Anyone here now doing, or have done, WW? I just started it (only 2 days into it). So far, it seems, well, labor-intensive (because of the points system, I'm now thinking about food all day long).

Any opinions about it? Likes? Dislikes? Did you actually lose weight?


----------



## OPC'n (Oct 16, 2009)

Never tried it but I have a sister and two friends who are losing tons of weight using it.


----------



## Athaleyah (Oct 16, 2009)

The points thing gets much much easier once you memorize the points for the things you eat regularly. When I cook from a recipe, I enter it and get the points value, and save it so I only have to do it once. I do cook from scratch a lot. The online tools can be really helpful.

It didn't work for me until I mixed it with the South Beach eating plan. Now it is fine. Left to my own devices I eat too many carbs (because fruit, grains, and a surprising amount of sugar are low point items) and (because of my insulin resistance) am constantly hungry and obsessing about food.

I lost 25 lbs from the beginning of May to the end of July... then my life got very chaotic so I didn't have time to cook (it is hard to eat out doing South Beach properly) and I gained back a few lbs. Things have finally calmed down again, and I am resuming. I have been very happy with it, once I modified it to fit my needs.
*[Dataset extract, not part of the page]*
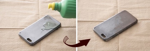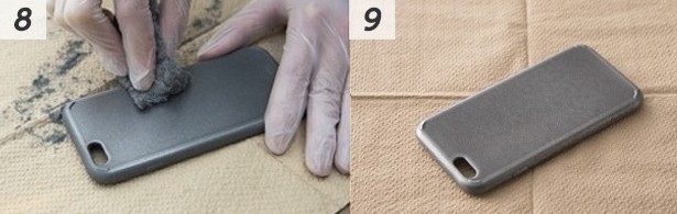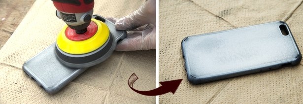 ①紙やすりなどを使ってスマホケースを目あらしをしてから、シリコンオフなどの脱脂剤で油分を取り除いておきましょう。

If the food obsession keeps bothering you, as it did me, I would suggest looking into South Beach. Just pick up a book from the library for an explanation and basics, and if you need specifics, then you can download the food lists online. Basically South Beach is very healthy, and works great with Weight Watchers. It isn't low-carb like some claim, just making sure that the carbs you eat are healthy.


----------